The local north at your location is
$ N = ( - \sin \theta_1 \cos \phi_1, - \sin \theta_1 \sin \phi_1, \cos \theta_1) $
and the local east is
$ E = ( - \sin \phi_1 , \cos \phi_1 , 0 ) $
Your final direction is a combination of these two directions, and since your initially facing north, and assuming the angle of rotation is $\phi$, then you final direction will be
$ V = \cos \phi N + \sin \phi E $
If this vector is pointing towards the point
$ Q = (\cos 0^\circ \cos 0^\circ, \cos 0^\circ \sin 0^\circ, \sin 0^\circ) = (1, 0, 0) $
Then the vector $V$ lies in the plane whose normal vector is $ P_1 \times Q $
which means the vector $V$ is orthogonal to $P_1 \times Q $
Now,
$W = P_1 \times Q = (\cos \theta_1 \cos \phi_1, \cos \theta_1 \sin \phi_1, \sin \theta_1) \times (1, 0, 0) = (0, \sin \theta_1 , - \cos \theta_1 \sin \phi_1 ) $
And since we want $ V \cdot (P_1 \times Q) = 0 $, then this means that
$ \cos \phi (N \cdot W) + \sin \phi (E \cdot W) = 0 $
The solution of this trigonometric equation will give two values for $\phi$ that are separated by $180^\circ$.
As an example, suppose that you are at latitude $45^\circ$, and longitude $-75^\circ$ (i.e. $45^\circ$ North, and $75^\circ$ West). Then
$ W = (0, 0.7071, 0.683 ) $
while
$ N = ( - \sin \theta_1 \cos \phi_1, - \sin \theta_1 \sin \phi_1, \cos \theta_1) = (-0.183, 0.683, 0.7071)$
and the local east is
$ E = ( - \sin \phi_1 , \cos \phi_1 , 0 ) = (0.9659, 0.2588,0)$
Hence,
$ W \cdot N = 0.9659 $
$ W \cdot E = 0.183 $
Hence, the trigonometric equation to solve is
$ 0.9659 \cos \phi + 0.183 \sin \phi = 0 $
From which
$ \tan \phi = - \dfrac{0.9659}{0.183} = -5.278$
Therefore, $\phi = -79.272^\circ $ or $ \phi = 100.728 $
Remember that $\phi$ is a clockwise rotation (from north through east).
But only one value of $\phi$ is correct.
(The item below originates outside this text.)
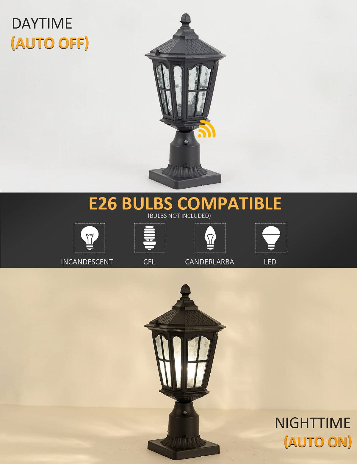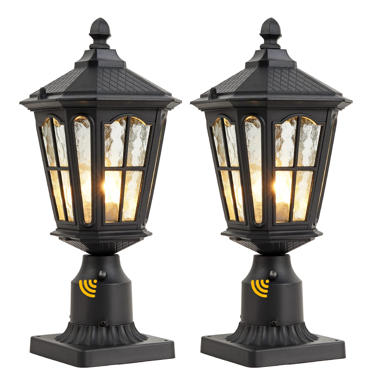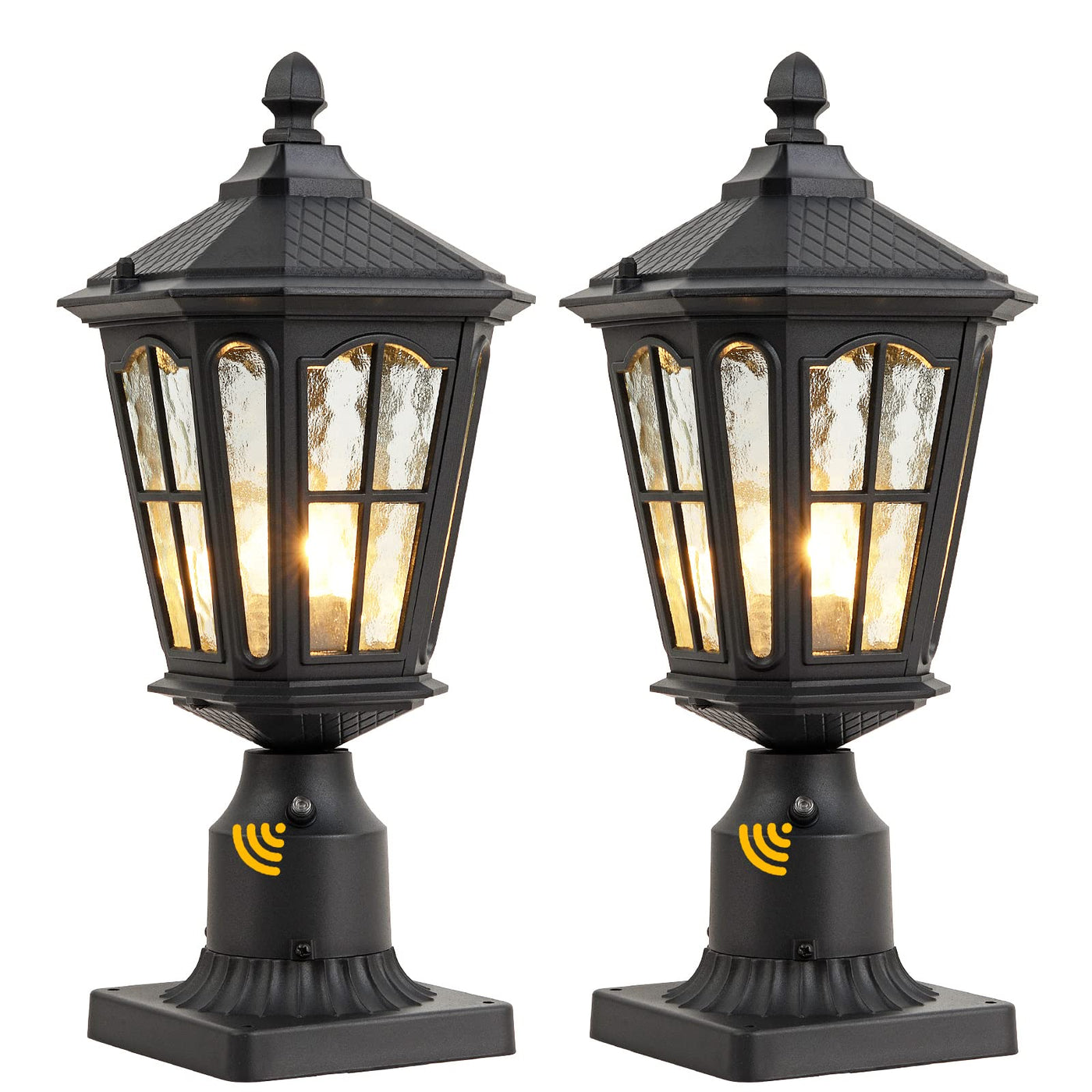 Where to Place Outdoor Post Light? Do you need a pair of post light flanking each side of the courtyard, in patios, courtyard, outdoor garden and entryway, and other outdoor spaces? This outdoor post lantern features solid metal construction and unique Crackle Glass, reflects an interesting and gorgeous light on the outside of your home. Provide warm atmosphere for your family, and a perfect complement for any features of house decors.Perfect for house/backyard/courtyard/front door/porch/patio/garden/balcony/entryway/garage! Specifications: Finish: Matte Black Intended Use: Outdoor courtyard use. Style: Rustic / Antique / Industrial. Installation Type: Hardwired. Material: Solid metal, Water Ripple Glass Voltage: 110V Post light dimensions: 17H x 7.09W x 7.09L ?Include mounting base? Mounting Base Dimensions(f 3-inch): 5.6 L x5.6 W x3.1 H?Allow 0.5inch error? Bulb Type: E26 Base(Bulb NOT included) Features Why choose our outdoor post light fixtures? - TWO-WAY use outdoor post top lighting fixture: Place this post top fixture on a 3 diameter post( Not included) or fix it with the mounting base (INCLUDED). - Waterproof Construction - Dustproof and waterproof, can prevent splashing water intrusion. Suitable for your outdoor lighting usage. - UL listed: The E26 base passes the UL safety test, reduces the loss of the bulb and prolongs the service life of the bulb. Compatible with all types of light bulbs. - Easy installation. Includes Installation instruction and all mounting hardware. One pack. Hard-wired. This is not a plug-in design.
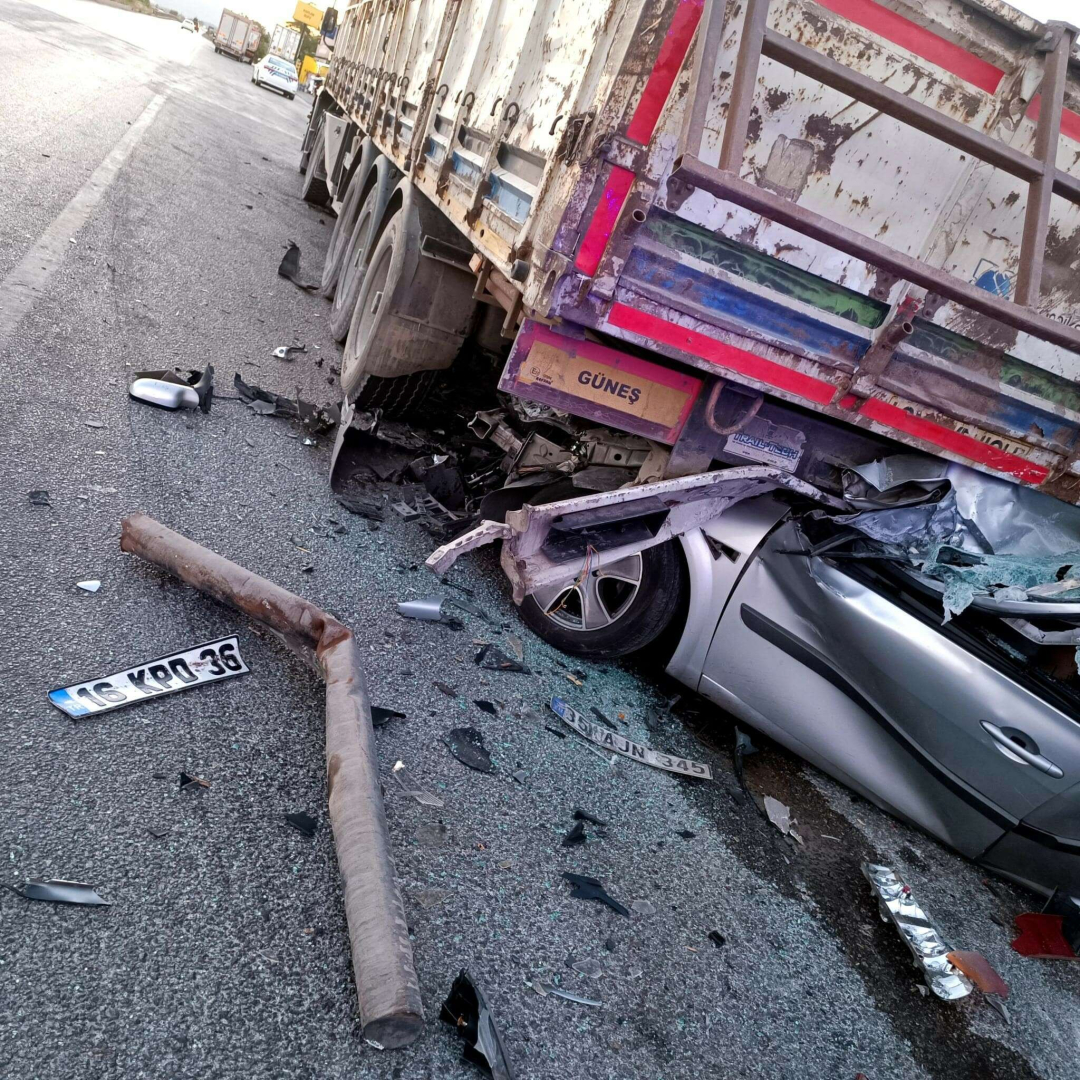 Edinilen bilgiye göre kaza; Bursa - İzmir karayolu üzeri Bursa istikameti Karacabey’in Uluabat Mahallesi mevkiinde meydana geldi. Sabaha karşı saat 05.30 sıralarında Bursa - İzmir karayolundan Bursa yönüne seyreden Orhan Çalışkan'ın (46) kullandığı 16 KPD 36 plakalı araç, Uluabat Mahallesi'nde park halinde bulunan ve içerisinde Harun T.'nin (42) uyuduğu 35 BDJ 710 plakalı çekiciye bağlı 35 AJN 345 plakalı dorseye arkadan çarptı.

To choose the correct one, we have to ensure our direction $ V $ makes an acute angle with $ Q - P_1$.
Now
$ Q - P_1 = (1, 0, 0) - (0.25882, -0.683, 0.7071) = (0.74118, 0.683, -0.7071) $
And with $\phi = -79.272 $ our vector $V$ is
$ V = \cos(-79.272) (-0.183, 0.683, 0.7071) + \sin(-79.272) (0.9659, 0.2588,0) \\= (-0.9831, -0.12714, 0.13162) $
So
$ (Q - P_1) \cdot V = -0.90856 \lt 0 $
So $-79.272$ is not the correct value of $\phi$.
With $ \phi = 100.728$, our vector $V$ is
$ V = \cos(100.728) (-0.183, 0.683, 0.7071) + \sin(100.728) (0.9659, 0.2588, 0) \\= (0.9831, 0.12714, -0.131620 ) $
And
$ (Q - P_1) \cdot V = 0.90856 \gt 0 $
So $100.728$ is the correct value of $\phi$.
Note that you don't have to do the calculations for $V$ twice (i.e. for both $\phi$'s), do the calculation for only one of the two values of $\phi$, if the dot product with $Q- P_1$ is positive then this is your $\phi$, otherwise, the correct $\phi$ is the other value.